Wraiths in the night

 

Thursday, January 19, 2012

 

          I’m at home working as I wait to make the trip to Journal Square to visit my eye doctor.

          I spent a good portion of last night navigating the public transportation system after the council meeting, choosing to make the trip to the light rail rather than chance the bus system along Kennedy Boulevard.

          The last time I went to take a bus after a meeting, I stood in the dark for an hour until the bus came – no, not one bus, but two – and I was so desperate I got on the first one, finding myself like a refugee among other refugees, stuffed between packages and people while watching the second nearly empty bus pass us by.

          The walk was not significant, even in the cold, but the station at 34th Street was something out of Graham Greene novel, stark and empty, with the “Next Train” sign indicating a 25 minute wait for one bound to Hoboken.

          An out of service train rushed through the station as if on fire like the train in Spielberg’s War of the Worlds, beeping his horn the whole time.

          Rather than sit in the cold, I hopped the train bound the other way, figuring it was better to be warm and seated than to stomp my feet on a platform alone. Passed my office the train went, then down to the new station on 8th Street, where we piled out, and the conductors separated some of the cars, reducing the size the train by half, then let the few passengers waiting there into the remaining cars.

          As we waited another train pulled in on the other side, turned off its lights to wait out the night for the rush the next morning.

          We took off a few minutes later, stopping at the stops I had passed on the way down, frigid people piling in like the refugees from my previous bus trip, all of them cold, all of them needing to catch this train than wait for the next one not due for a hour, each stop adding to the fullness of the car so that I struggled to get out at Liberty State Park where I had to change to the Tonnelle Avenue train.

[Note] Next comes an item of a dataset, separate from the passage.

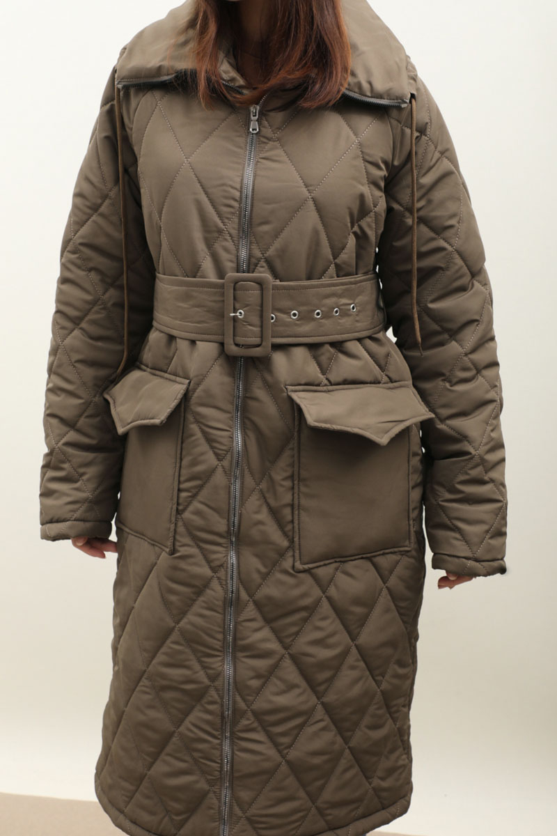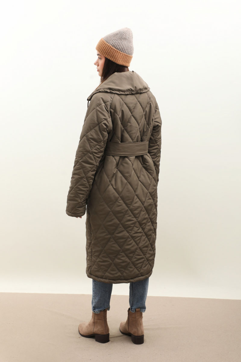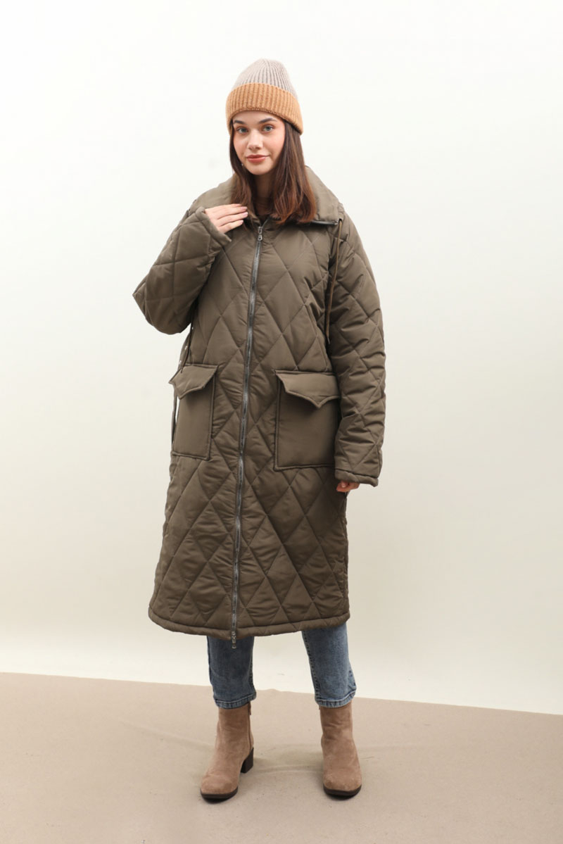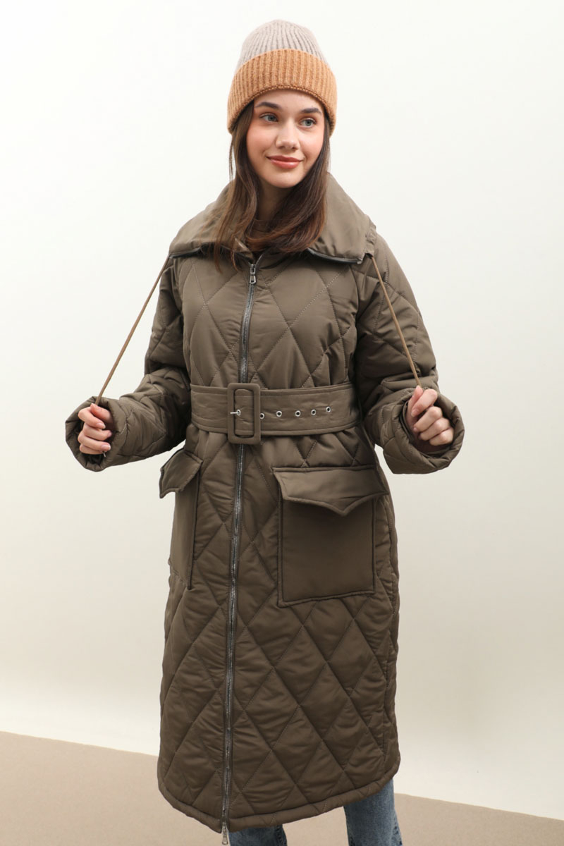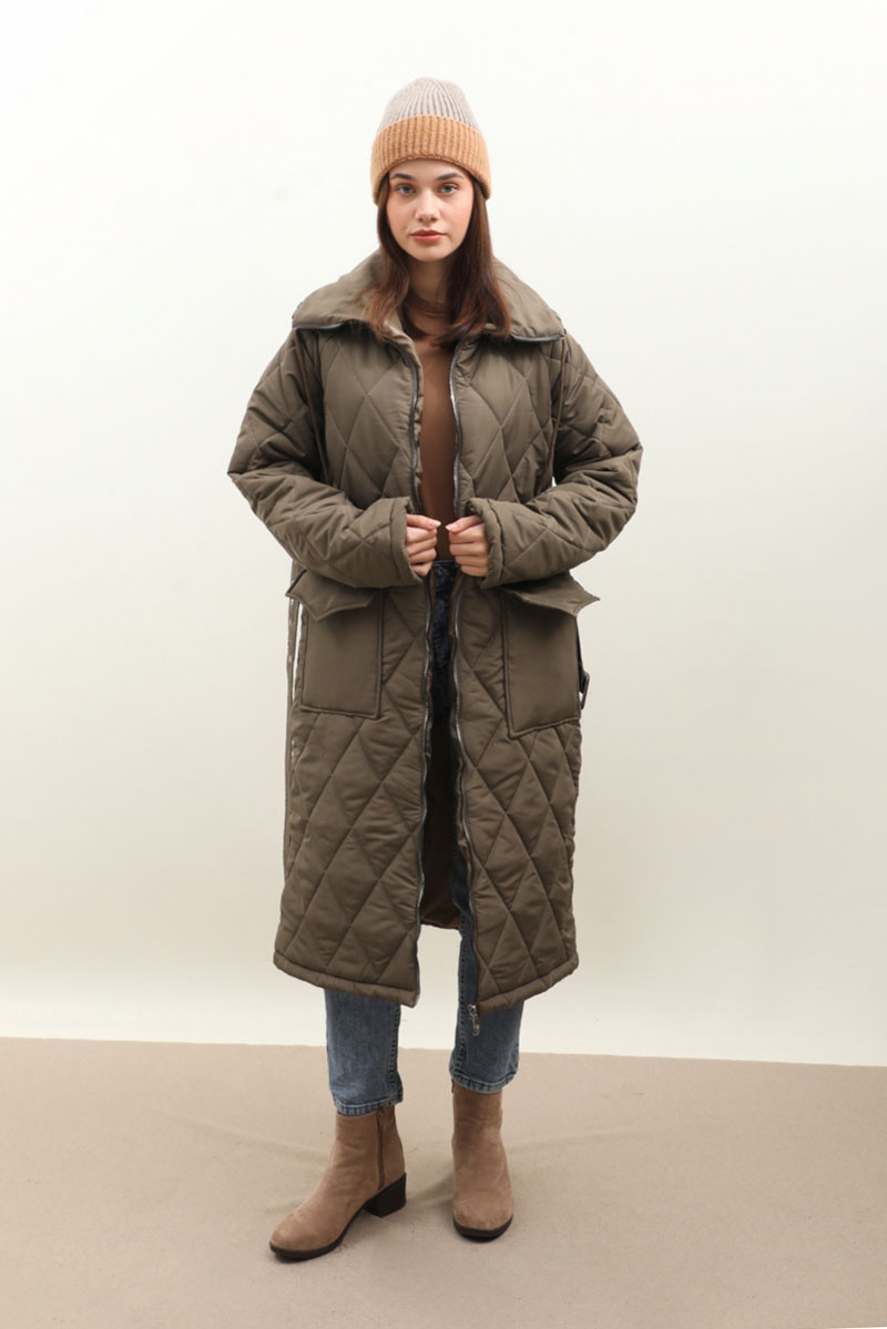 Kemerli Şişme Mont Haki. Beğcıklı dik yakadır, reglan koludur, önden fermuarlıdır, kapitone baklava desenlidir, ceplidir, kemerlidir, astarlıdır, Günlük kullanım ve özel günlerinizde tercih edebilirsiniz.

          This was more populated, but not greatly. A few people on the far side waiting for trains to either West Side Avenue or Bayonne, a handful on my side waiting for the train I needed.

          In the parking lot across the street, the security guard’s vehicle – now decorated in orange lights along its side – continued to prowl the lot, checking on empty spaces, like one of those bored tigers I used to see pacing its cage in the zoo.

          The wait wasn’t long. Although again, missing this train meant more than a half hour wait until the next one, so there was a rush to get a seat since everyone knew that the density would only increase with each additional stop, which it did, people piling in at every stop until I could barely elbow my way out again when I reached the 9th Street station in Hoboken for my ride up the elevator and my walk through Jersey City Heights to home.

          Driving, the trip would have taken my less than a half our. This trip had taken me an hour and a half.

          Walking on either end of the trip to or from the train, I was struck by how lonely the world is at night. Jersey City, Bayonne, even Hoboken haven’t changed to the degree we all believe, still a stark landscape after dark, with isolated characters like myself making our way through dark streets headed to unknown destinations, trying to sort out in our heads, why were are here at this time of night, and what in the end have we gained by the experience, people who are still wraiths in a gray world seeking answers to questions no one can answer.